The event was held as the city experiences a new surge in COVID-19 cases and New York Mayor Bill de Blasio, along with Gov. Andrew Cuomo, both Democrats, imposed new social distancing requirements and restrictions on gatherings.

Assembled guests were “crammed shoulder-to-shoulder inside the Yetev Lev temple” in the Williamsburg neighborhood of the Brooklyn borough on Nov 8, the New York Post reported.

The report said the outlet was provided videos of the wedding featuring guests who were “stomping, dancing and singing at the top of their lungs without a mask in sight.”

Organizers planned the wedding of Yoel Teitelbaum, grandson of Satmar Grand Rabbi Aaron Teitelman, in secret to hide it from city authorities including the NYPD, FDNY, and sheriff’s department who are on the lookout for violations of coronavirus restrictions.

Or, as a detailed account of the wedding in the Yiddish newspaper Der Blatt, published by the Satmar sect, described it, hidden from “the ravenous press and government officials.

“Due to the ongoing situation with government restrictions, preparations were made secretly and discreetly, so as not to draw attention from strangers,” the paper reported in its Nov. 13 edition, The Post said.

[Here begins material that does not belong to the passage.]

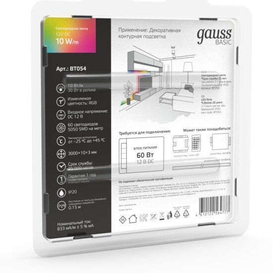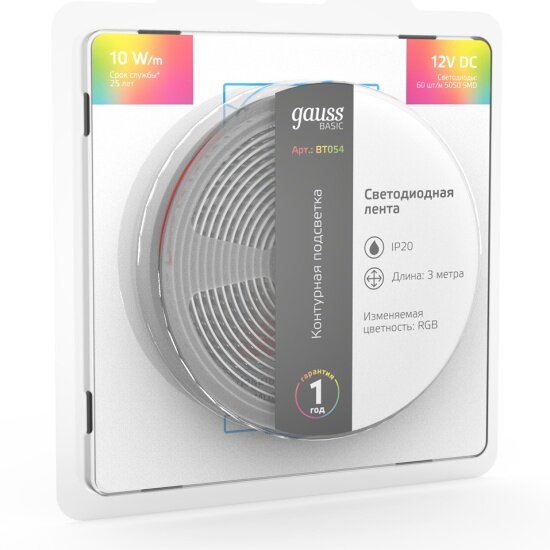 Светодиодная лента Gauss Basic LED 5050/60 12V 10W/m 700lm/m RGB 10mm IP20 3m 1/100 интересное:

“In recent weeks, organizers worked tirelessly to arrange everything in the best way possible. All notices about upcoming celebrations were passed along through word of mouth, with no notices in writing, no posters on the synagogue walls, no invitations sent through the mail, nor even a report in any publication, including this very newspaper,” the outlet continued, per The Post.

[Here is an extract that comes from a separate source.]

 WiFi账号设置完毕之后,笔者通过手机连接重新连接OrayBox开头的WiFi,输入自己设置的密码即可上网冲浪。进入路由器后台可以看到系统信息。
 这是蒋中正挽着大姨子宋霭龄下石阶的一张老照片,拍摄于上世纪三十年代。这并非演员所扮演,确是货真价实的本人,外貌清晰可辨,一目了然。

The Satmar synagogue has a reported capacity of about 7,000. According to videos viewed by The Post, men were jammed onto packed bleachers that extended to the rafters while women sat in a balcony situated behind a barricade.

In October, state officials ordered a Williamsburg wedding planned for a grandson of Satmar Grand Rabbi Zalman Teitelbaum, a brother and rival of Aaron, canceled. Organizers of that event, which was publicized, said they anticipated some 10,000 people would attend. After the state canceled it, however, the congregation called the action “an unwarranted attack,” according to The Post.

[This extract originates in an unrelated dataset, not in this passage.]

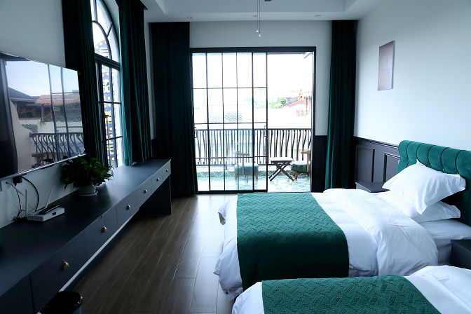 由于开业还不足一个月,寻弥·禧宅民宿目前初步形成了以下午茶为主的经营模式,同时也在不断完善餐饮、住宿等服务项目。为了确保服务质量,民宿仅设置了14间客房供游客入住,房间内部设计则干净敞亮、舒适精致,其中12个房间都配套露台供游客欣赏美景。住宿价格也比较便宜,在100元至400元之间。每个房间都以古时文人对“风、雨、雷、电”的雅称命名,恰如其分地融入了古典韵味与文化底蕴。

But that crackdown led organizers of Teitelbaum’s wedding to plan it in secret — though some of them thought it would be revealed to authorities ahead of time.

“The days leading up to the wedding were filled with tension, not knowing what the next day, or the next moment, will bring; which disgruntled outcast might seize this opportunity to exploit even what hasn’t been written or publicized, to create an unnecessary uproar, and to disrupt the Simcha, God forbid,” Der Blatt reported, according to The Post.

The fact that the event had to be planned and held in secret, however, was not lost on readers.

“As it turns out, when you set strict restrictions beyond reason people are more likely to disregard them entirely.  It also doesn’t help that the Dems don’t follow the standards they try to impose on others,” one reader wrote in response to story, which was crossposted at Fox News.

“It would be a different matter if New York officials had turned a blind eye to rioting, the Biden victory celebrations and VMA awards just to name the most prominent mass gatheinrgs [sic] featured in the news,” wrote another. “When you grant exceptions the message morphs from this is a health matter to ‘this is socially acceptable, that is not.’  From that point on, it is difficult to get people to accept the issue as a health issue.”

To readers’ points, elite New York Democrats recently attended — unmasked and not socially distanced — a private birthday party in Brooklyn for Carl Scissura, head of the New York Building Congress, a trade organization, according to the New York Daily News.

Photos of the event showed that few attendees were wearing masks and most stood in close proximity to each other.

Revelers included Brooklyn Democratic Party Chairman Frank Seddio and Deputy Brooklyn Borough President Ingrid Lewis-Martin, the Daily News reported.

Other Democratic leaders have also violated their own COVID restrictions, including California Gov. Gavin Newsom, who was photographed unmasked dining at one of the world’s highest-rated restaurants.